The court also considered whether that party could claim for unjust enrichment, a doctrine of law which sits alongside the law of contract if the other party had been left better off as a result of the particular scenario arising.
Robin Adams, partner in our commercial team, reflects on the case.
The case centred around the sale of a property, Nash House, which Foxpace Limited owned.
Under an oral contact with Foxpace, Mr Barton would receive a fee of £1.2m from Foxpace if Foxpace sold the property to a buyer introduced by Mr Barton for £6.5m.
Crucially, there was no discussion about what would happen if the buyer purchased the property for less than £6.5m. As it turned out, the property was sold to the buyer for £6m.
Foxpace said no fee was due, although it did offer Mr Barton £400,000 as a goodwill gesture, which Mr Barton rejected.
Initial outcome and appeals
The High Court rejected Mr Barton’s original claim for a fee.
On appeal, the Court of Appeal found that there was an implied term that Foxpace would pay a reasonable fee if the sale price was less than £6.5m.
The Court also found that if no fee was due, Foxpace would be unjustly enriched.
Foxpace appealed to the Supreme Court, which found there was no implied term for a reasonable fee and, therefore, no unjust enrichment. Mr Barton received nothing.
What influenced the final decision?
Ultimately, the end result was due to the express contract terms; the contract was silent on what would happen if the sale was for less than £6.5m.
The Court cited authority that if a contract is silent on the obligations triggered by an event, no obligations arise if that event happens.
In addition, there was also no clarity as to what any fee might have been if agreed. Referring to the tests for implying terms into a contract, the Court found that an obligation to pay a reasonable fee was not so obvious as to go without saying, nor was such an obligation necessary to give business efficacy or coherence to the agreement.
The Court also found that part of the test for unjust enrichment, that the enrichment of a party was unjust, had not been met. The parties had agreed by silence that there would be no reward for a sale at less than £6.5m. Additionally, there was no evidence that Mr Barton had made the introduction based on a sale at £6.5m.

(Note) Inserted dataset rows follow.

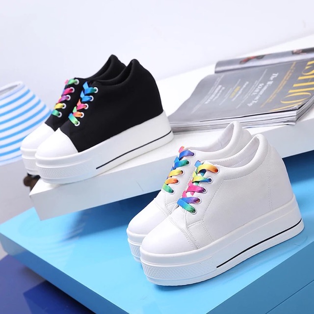 รองเท้า ผ้าใบ เสริมส้น/ส้นตึก เชือกสีรุ้ง สี ขาว ดำ เดรส ชุดคนอ้วน 488-R -
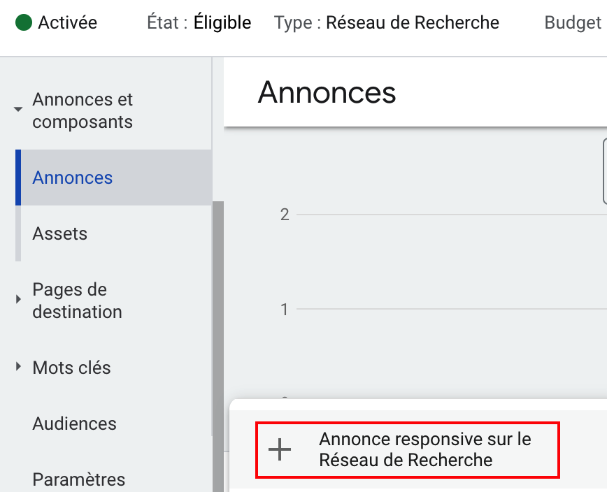 Ensuite, cliquez sur le bouton « + » sur fond bleu puis choisissez « Annonce responsive sur le Réseau de Recherche » :
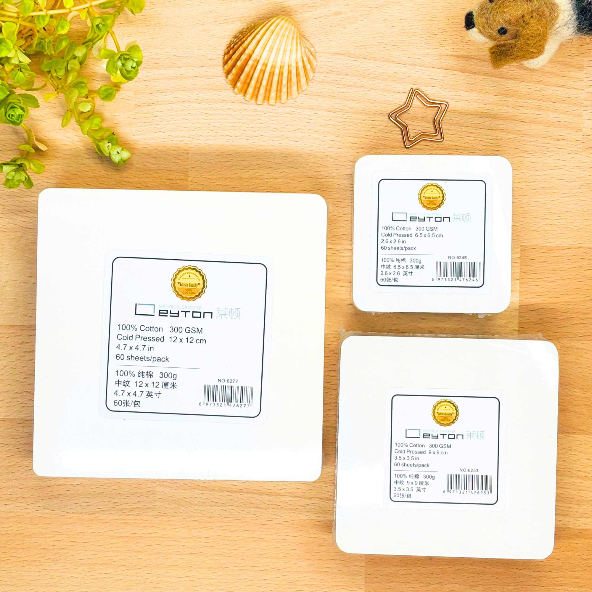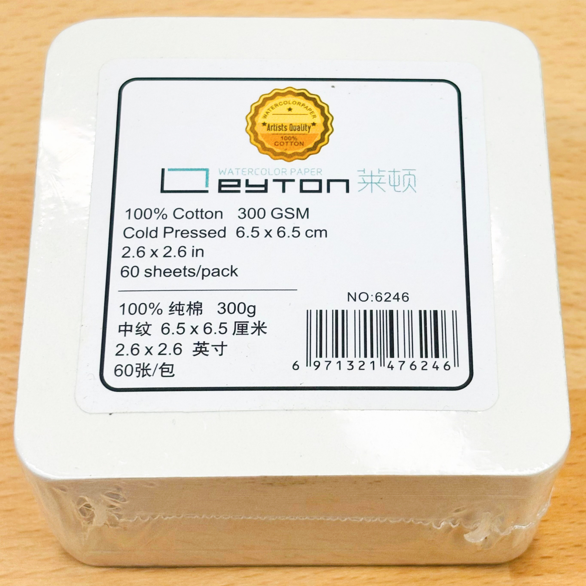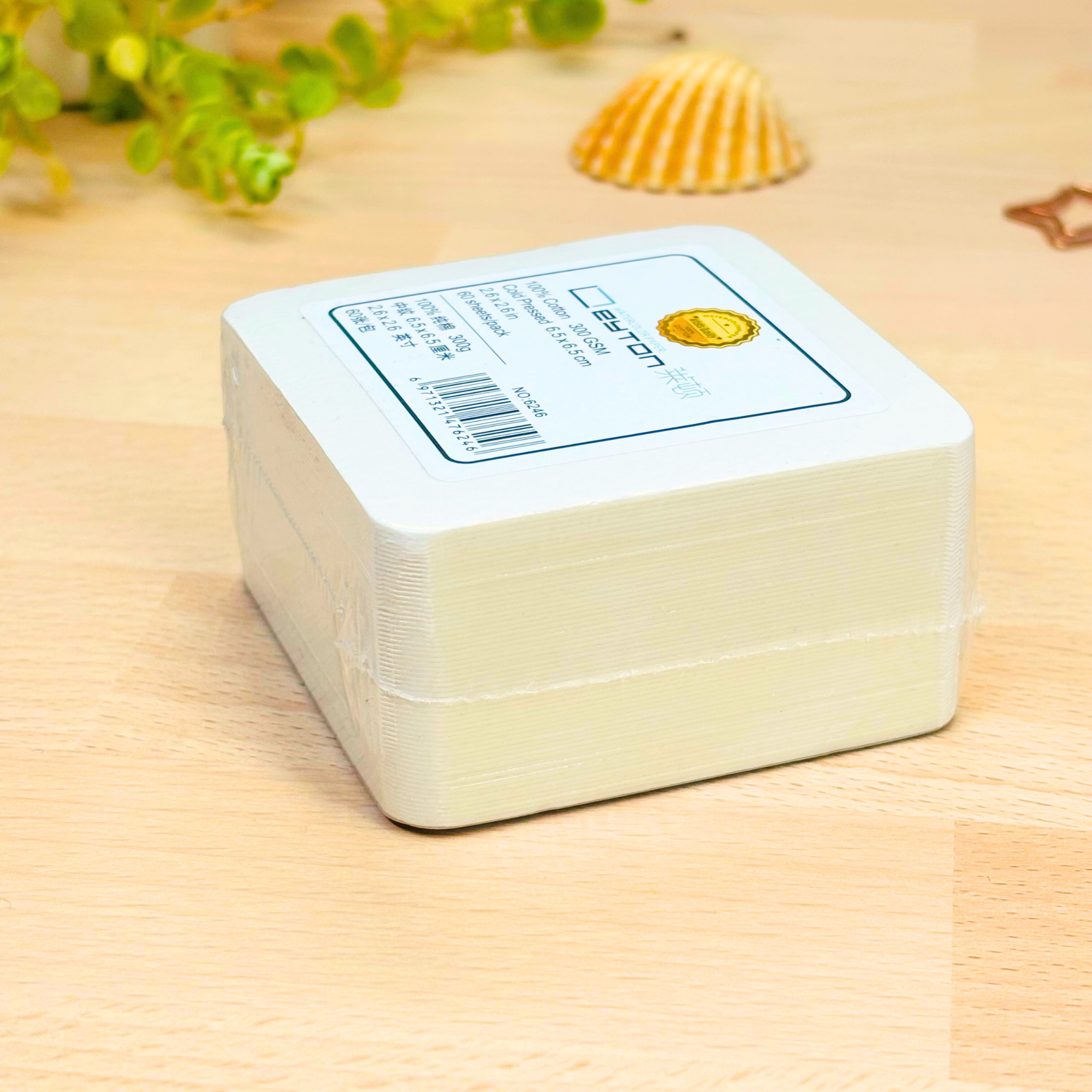 Brique carré pour aquarelle 100% coton, 300g/m² (140lb) , grain fin, pressé à froid, 60 feuilles par paquet, non blanchi et sans acide, qualité artiste, se peint sur les deux faces.

Consequently, Foxpace had not been unjustly enriched by avoiding payment of any fee. Just because Mr Barton had lost out did not mean it was necessarily unjust: unjust enrichment is not available to put right a bad bargain.
What can we learn?
The case is a warning to parties of the importance of addressing all possible outcomes in the contract: fail to do so and the Court may reach a conclusion very different to the one a party might have been expecting.

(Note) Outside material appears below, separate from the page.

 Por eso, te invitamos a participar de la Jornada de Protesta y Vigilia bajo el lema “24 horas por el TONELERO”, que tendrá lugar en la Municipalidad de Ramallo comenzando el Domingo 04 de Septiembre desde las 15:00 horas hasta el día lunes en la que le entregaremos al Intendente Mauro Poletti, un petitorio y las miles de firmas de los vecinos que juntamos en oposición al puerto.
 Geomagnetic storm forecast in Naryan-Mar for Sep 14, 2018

Identifying and considering all potential outcomes at the outset and clearly setting those out in a written agreement, along with the consequences, may involve some upfront time and possibly some legal costs.
However, it can save significant time and often far greater expense later, when things do not turn out the way a party expected and the agreement offers, as it did with Mr Barton, no obvious answer and no protection.

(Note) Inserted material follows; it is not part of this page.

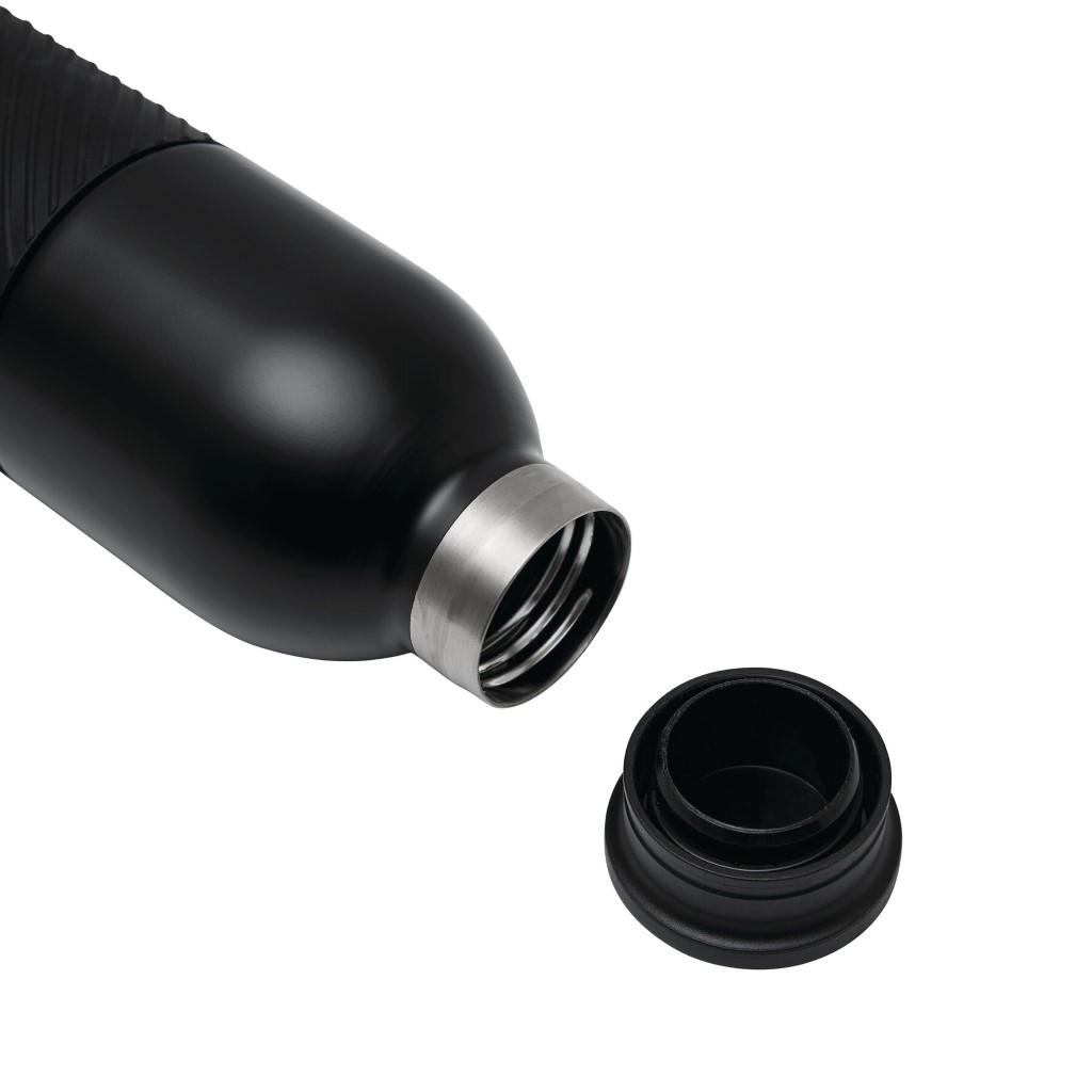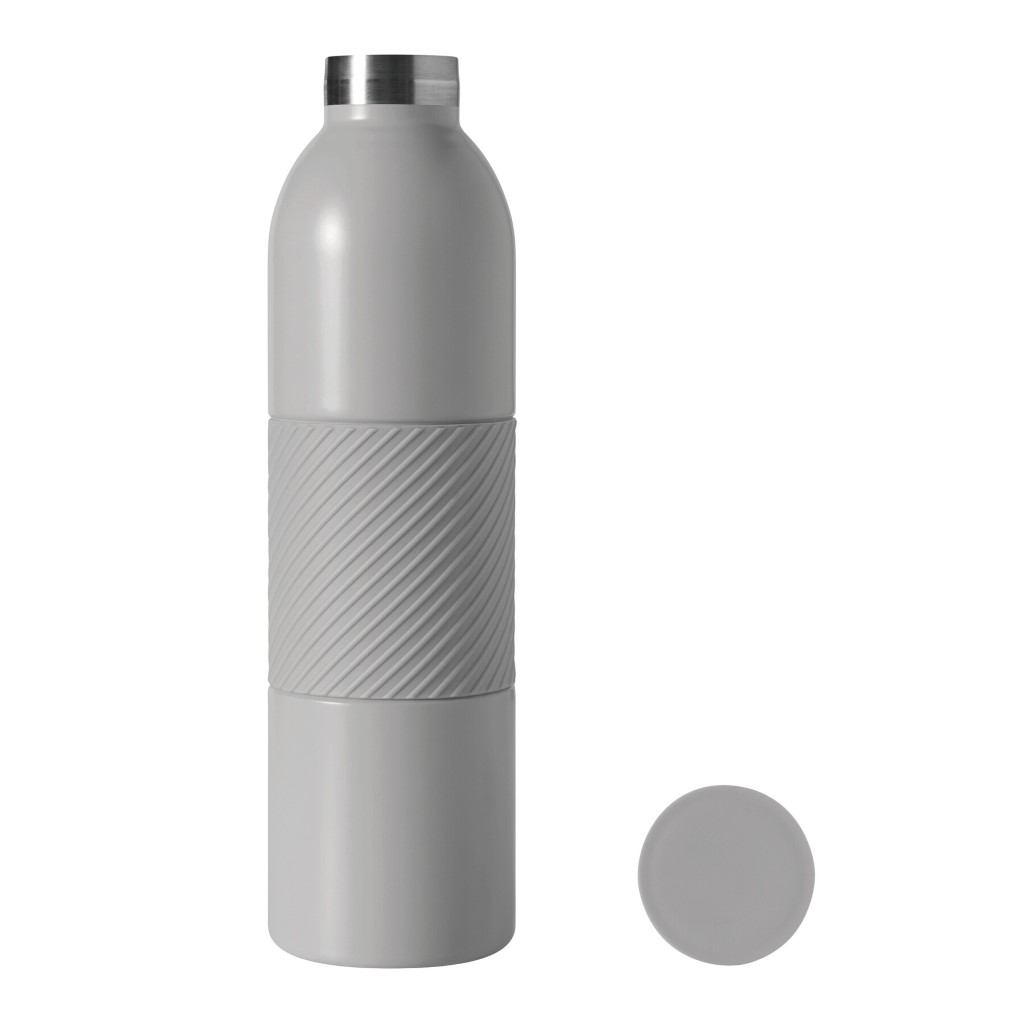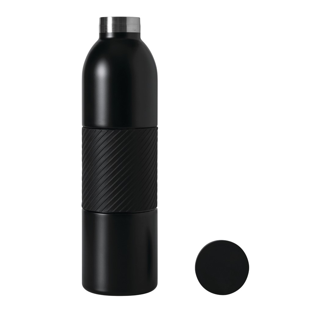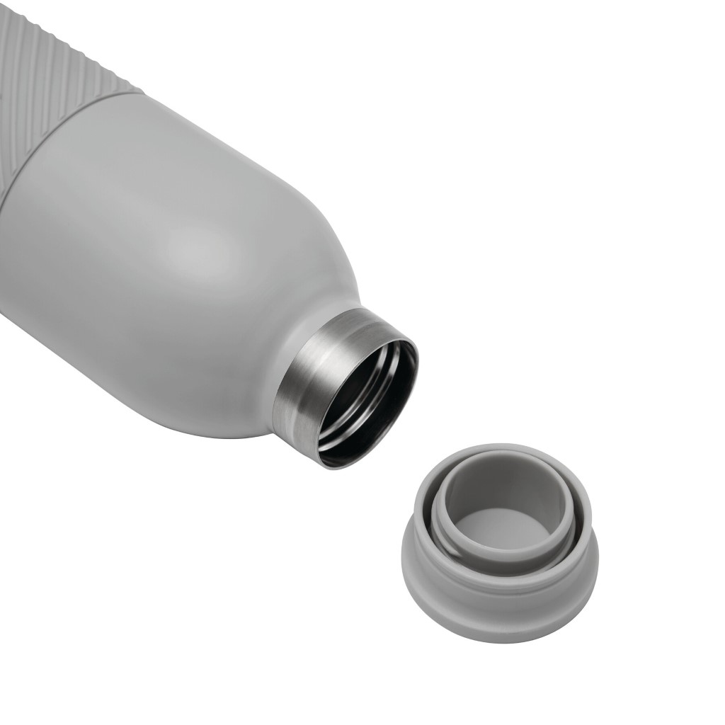 Vákuovo izolovaná fľaša VACUGRIP, dvojstenná: vnútorná aj vonkajšia strana z nehrdzavejúcej ocele, farebne zladené plastové viečko s bezpečným skrutkovacím uzáverom a silikónovým puzdrom pre optimálne uchopenie, objem cca 600 ml, udrží teplú cca 8 hodín a studenú až 12 hodín

An implied term is one not expressly stated by the parties (either orally or in writing) and which is instead implied by the court, often because it is required to give proper effect to the contract.
The opposite of implied term, an express term is one expressly stated by the parties, in writing or orally.
Unjust enrichment arises where one party has been enriched or received a benefit at the expense of another party and the enrichment is unjust.